I gave her a small wink. “Who was pushy, and why, and what didn’t you promise?”

She plonked a slip of paper down on the workbench in front of me. “Rush job. Bloke wants an arrangement pronto, done and delivered to his boyfriend ASAP. He was very specific about what he wants.”

Such requests were not unusual. It was one of the ways we set ourselves apart from our competitors, openly advertising ourselves as specialists in serving the gay community. Everyone assumes that male florists are gay anyway. In my case I actively confirmed it and also strove to take advantage of it. The value of the pink pound was not to be underestimated.

I picked up the slip of paper on which she’d scribbled the request. It was precise. A dozen long stemmed white roses, arranged with blue irises and white lilies, hand tied with satin ribbon to match the colour of the irises. I raised an eyebrow at Janet. “Elegant, and expensive. Yum, just my kind of order.”

I frowned, mentally going through the stock we had in the shop and in the cooler. Irises I had in plenty, including some rather beautiful azure ones. I had Madonna Lilies too, in anticipation for both funeral and wedding orders. They suit all clerical attended events do white lilies. However, I didn’t have any white roses, every other colour, but not white. I spoke the colours aloud: “red, pink, coral, yellow, those lilac specimens, but no white.”
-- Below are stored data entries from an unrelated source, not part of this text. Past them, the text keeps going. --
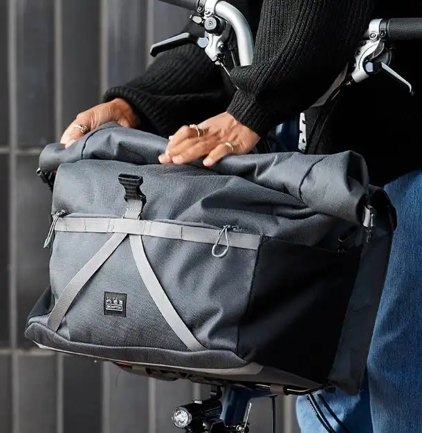 Brompton Borough Bag Large, markanın en yüksek kapasiteli taşıma çözümlerinden biri olarak, yoğun şehir hayatının ve uzun rotaların tüm ihtiyaçlarını karşılamak üzere tasarlanmıştır. "Rolltop" (rulo kapak) mekanizması sayesinde değişken yük miktarlarına göre hacmi ayarlanabilen bu model, gri tonlarındaki modern estetiğini üstün mühendislik detaylarıyla birleştirir.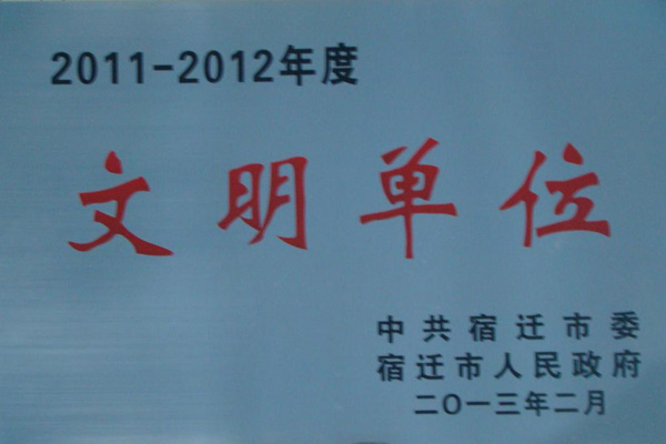 (圖:2011-2012年度宿遷市文明單位榮譽牌)
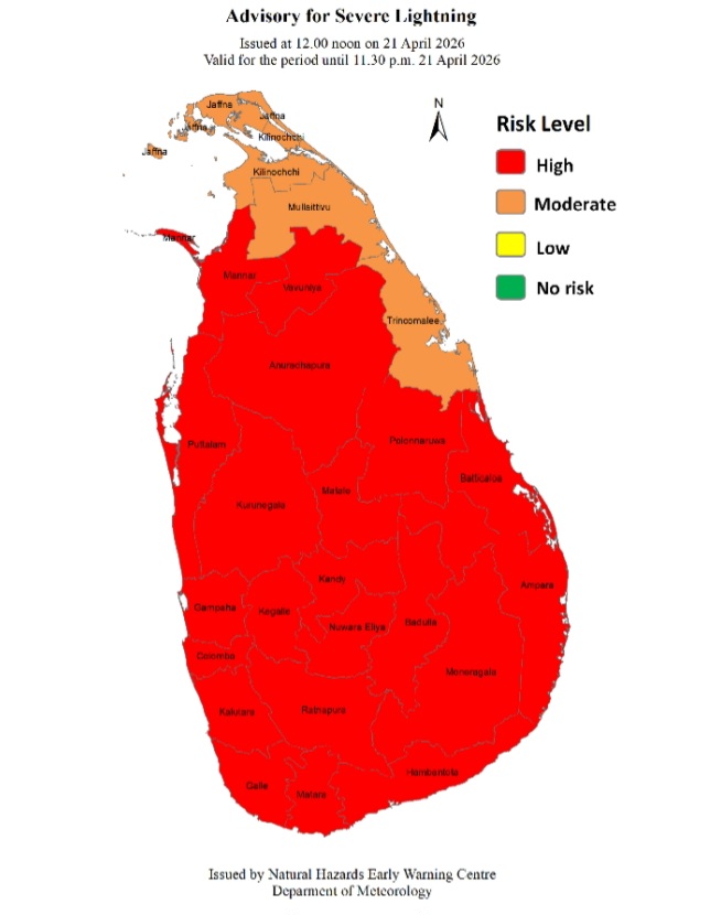 Thundershowers accompanied with severe lightning are likely to occur in the Western, Sabaragamuwa, Central, North-western, Northcentral, Southern, Uva provinces, and in Mannar, Vavuniya, Ampara, Batticaloa districts after 1.00 p.m.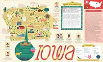 Explore every state of the USA from Alabama to Wyoming with these 51 charmingly illustrated infographic maps! Includes an expansive guide to the state flags and US presidents.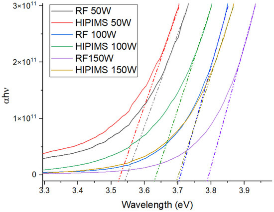 It can be seen in Figure 5 that the band gap increases with the increasing average power of the deposition. Consistently, the band gap was greater for the RF depositions reaching a maximum of 3.79 eV for the 150 W RF deposition.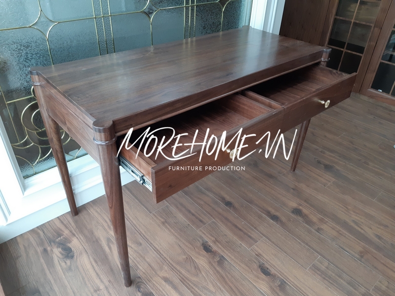 Thi công bàn gỗ tự nhiên tỉ mỉ từng đường nét, có ngăn kéo tiện lợi cho sử dụng, thẩm mỹ cao cho không gian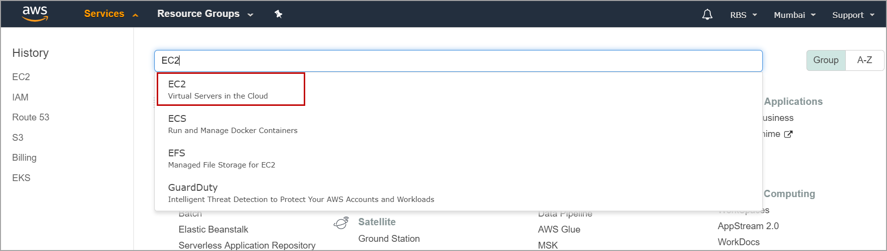 Log in to the AWS console, Click on Services and search for EC2. Click on EC2(Virtual Servers in the Cloud).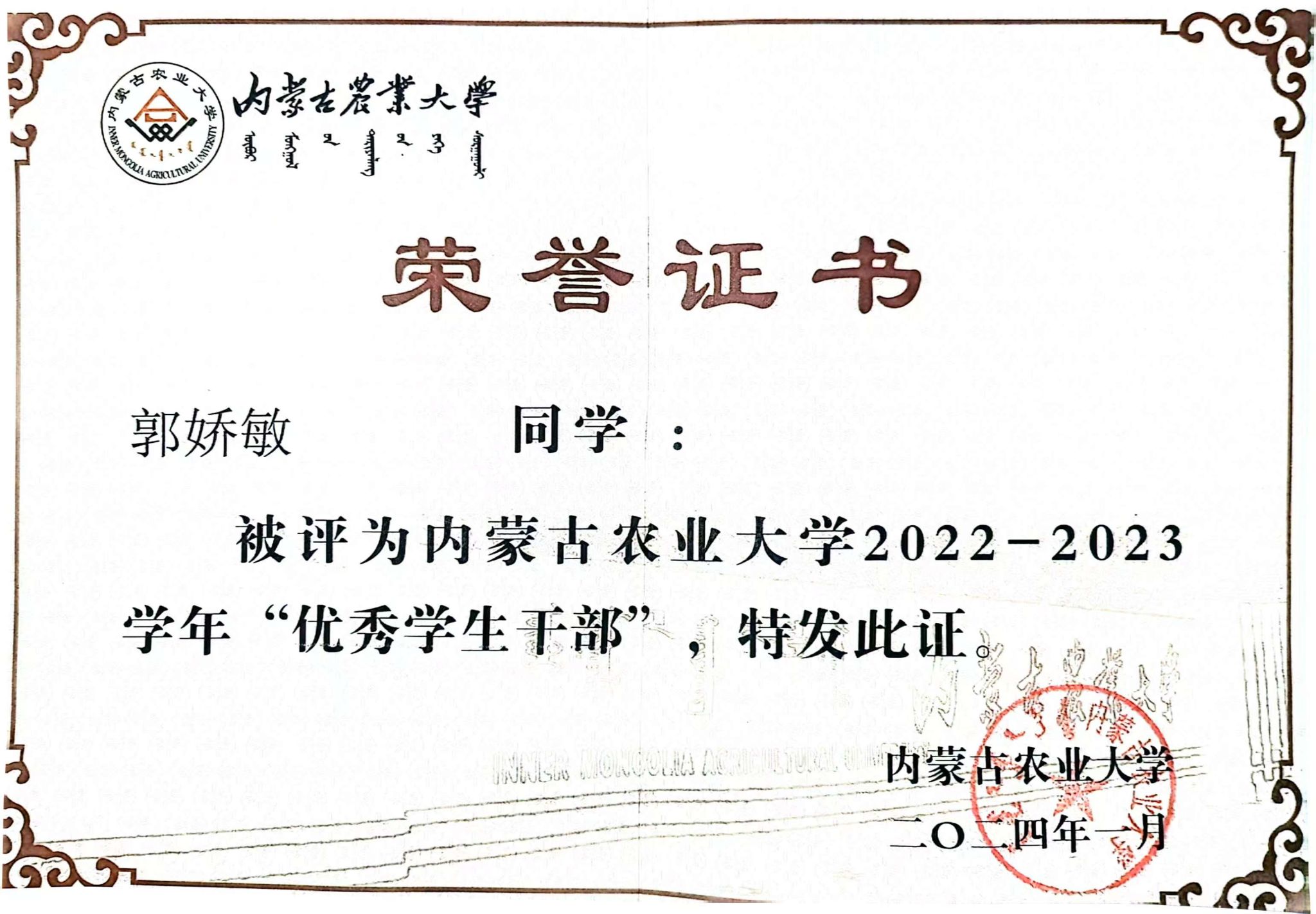 2023年5月获得校级“优秀员工干部”荣誉称号。

“Shall I call him back, Lee, say you can’t manage it, or ask if he’ll change his mind on the colour of the roses?”

I shook my head thoughtfully. “Hold your horses a min, Jan. There’s no point letting a good order go if we can help it. If we do a good job for him he’ll come back to us again.”

I picked up my mobile. “Let me see if I can track Cathy down at the wholesalers. Knowing her she’s still loitering there. She’s got her eye on that cactus specialist. I’ll see if she can lay hands on some white roses.”

The shop doorbell jangled and a hub of voices indicated that several potential customers had entered. Janet hurried off to attend to them. 

I was in luck. Cathy was still at the wholesalers, albeit in the car park stacking boxes into her van. She happily agreed to pick up some white roses, adding that she’d managed to pick up the cactus specialist at last. She had a date with him that very evening. I was much relieved. Maybe now she’d stop bulk-buying cacti in order to have an excuse to talk with him. Cacti did not sell particularly well, but fortunately they have a long shelf life.

I put my phone down giving a sigh of satisfaction about the roses. I got a genuine kick from thinking I was going to help make someone’s day brighter.

A song called ‘Dry Your Eyes’ suddenly sang forth from the workroom radio. I turned the dial up a touch higher. The quirky yet poignant lyrics, partially spoken, partially sung, by a heavily accented lone bloke who called himself ‘The Streets’ held a certain appeal, though I wasn’t normally a fan of hip hop style music.

Singing along to the song I scanned the slip of paper that Janet had left, looking for a name and phone number to call the customer back and confirm we could do the order. I flipped it over and there it was.

I stared at it, my heart jumping. The Streets sang on without me, telling a tale about a man trying to convince himself to walk away after being dumped by his girlfriend.

I knew the phone number, even without the name written beside it. I knew it by heart, every damn digit, area code and all. Of all the florists in the world why did he have to phone an order into mine? Seven years, it had been seven years since last I saw him or heard his voice.